Ano se rió tan fuerte y con tanto estupor que los árboles fueron arrancados de raíz, las montañas cayeron al suelo y el cielo se tornó de rojo. Tüputamâdre, tras recuperar la compostura perdida ante tamaña carcajada, se acercó al bárbaro y empezó a hablarle.
-Verás, fui a sacar a mi mujer a mear, y no pude evitar ver tu pelea.
-¿Tu mujer es esa de ahí?- preguntó Ano, señalando a una mujer de doscientos kilos y de dos metros de altura que estaba haciendo sus necesidades al pie de un árbol, mientras sacaba la lengua con entusiasmo y olisqueaba el suelo.
-Si. Es que en Ëquisdé tenemos tradiciones muy ancestrales. Y eso que todavía no la has visto hacerse la muerta…
Acabadas de decir estas palabras, el tenaz guerrero cogió una piedra del suelo y se la lanzó a la mujer de Tüputamâdré con tal fuerza que, al darle en su prominente barriga, hizo que todo su cuerpo explotase en una nube de sangre, grasa, comida succionada y piel arrugada.
-Ahora ya lo he visto.- añadió el guerrero.
-Pero, pero… ¡la has matado, animal! Bueno, da igual, mañana iré a la pajarería a buscar otra. El caso es que te necesito para un trabajillo.
-Habla.
-Veamos, espera que voy consultar mi lista… a ver, a ver.- un soldado le pasó un cuaderno de notas.- Bien, veamos. Lo primero en la lista es…matar a mi mujer. Bueno, eso ya lo hiciste, así que lo tacho. Lo segundo: arreglar la rueda de mi carruaje. Emmm, si no te importa, por favor.
-Si la tienes rota, ¿cómo has llegado hasta aquí?
-Emmmm… bueno, da igual, eso también lo tacho. Eso hace que nos quedemos con el tercer trabajillo: asesinar a la criatura que mora en la cueva de la muerte, la cual aterroriza a los ciudadanos de Ëquisdé. 
“Verás, existe una leyenda que profetiza el advenimiento de una nueva era en este mundo, una era donde la magia y la tiranía conformarán la misma cara de una moneda en cuyo lado opuesto, la luz y el bien comenzarán a flaquear, y…
Pero Tüputamdré no pudo acabar el relato, pues Ano llevaba cinco minutos sin matar a nadie, y su sed de sangre comenzaba a quemarle la paciencia. Se bajó los pantalones y le cagó al rey en la boca. El pequeño hombre se atragantó ante semejante enormidad de mierda, superior a los excrementos de dragones o de titanes.
Al día siguiente, todos los habitantes del reino de Ëquisdé estaban muertos, mutilados, quemados o llenos de mierda. Y nuestro fiero héroe, con la sonrisa del éxito dibujada en su duro semblante, se perdió tras una colina mientras el ocaso recortaba su magnificente silueta, listo para encontrar nuevas aventuras.

Me aburro.

"Me aburro tanto que incluso me he dignado a abrir este cuaderno y escribir cosas en él", escribió Fuckencio mientras un completo y agobiante aburrimiento lo asolaba desde cada una de las cuatro exactas esquinas que constituían su pequeña habitación. Era tan intenso el aburrimiento, que de buena gana agradecería tener a mano deberes y trabajos con los que ocupar su muy inútil tiempo. Pero como no los tenía, se limitaba a escribir chorradas en su cuaderno.

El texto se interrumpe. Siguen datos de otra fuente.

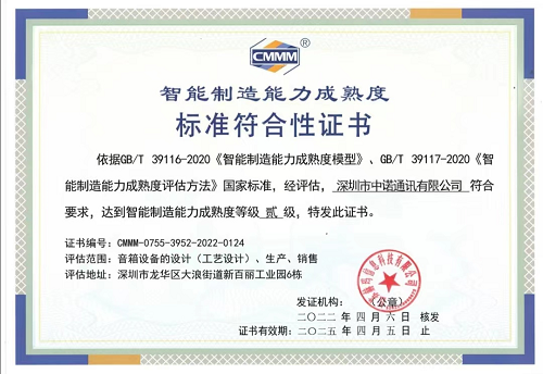 2021年9月-10月,由電子標準院授權(quán)江蘇赫瑪信息科技有限公司組建團隊,基于GB/T 39116-2020《智能制造能力成熟度模型》、GB/T 39117-2020《智能制造能力成熟度評估方法》國家標準,對中諾通訊新百麗工業(yè)園從工廠設(shè)計、產(chǎn)品研發(fā)、工藝設(shè)計、計劃與調(diào)度、生產(chǎn)作業(yè)、倉儲配送、質(zhì)量管控、設(shè)備管理、安全管控、能源管理、環(huán)保管理等20個能力子域的智能制造能力成熟度,通過人員交流、現(xiàn)場巡視、系統(tǒng)查看等方法進行評估,認定該公司智能制造能力成熟度達到貳級水平,得到國家認可。

Esto era lo que pensaba en ese momento, y lo que había pensado en el anterior, e incluso lo que pensara horas antes; y seguramente, lo que pensaría horas después. Y el agobio era tan grande que no le permitía dormir ni relajarse de ninguna otra forma; tenía la sensación de que su cerebro procesaba millones de pensamientos por segundo. Y su cuerpo parecía estar produciendo reacciones químicas en todo momento, como una fábrica coreana activa las veinticuatro horas del día. Y el corazón bombeaba sangre de una forma desagradablemente palpable, y el estómago rugía cargado de ácido corrosivo, y el cerebro parecía un horno de alta presión; y el tiempo se convirtió en una densa y sobrecogedora atmósfera en donde costaba trabajo respirar.

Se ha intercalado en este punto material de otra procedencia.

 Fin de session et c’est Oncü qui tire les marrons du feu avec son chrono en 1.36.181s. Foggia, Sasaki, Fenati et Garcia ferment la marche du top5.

A así persistiría el agobiante aburrimiento durante horas y horas y horas, con las cuatro exactas esquinas del cuarto ensanchándose cada vez más y un Fuckencio atrapado entre ellas. "No se me ocurre qué más escribir", terminó de escribir en su cuaderno mientras trataba de pensar en alguna otra forma de pasar el tiempo, sin obtener ningún resultado durante horas enteras.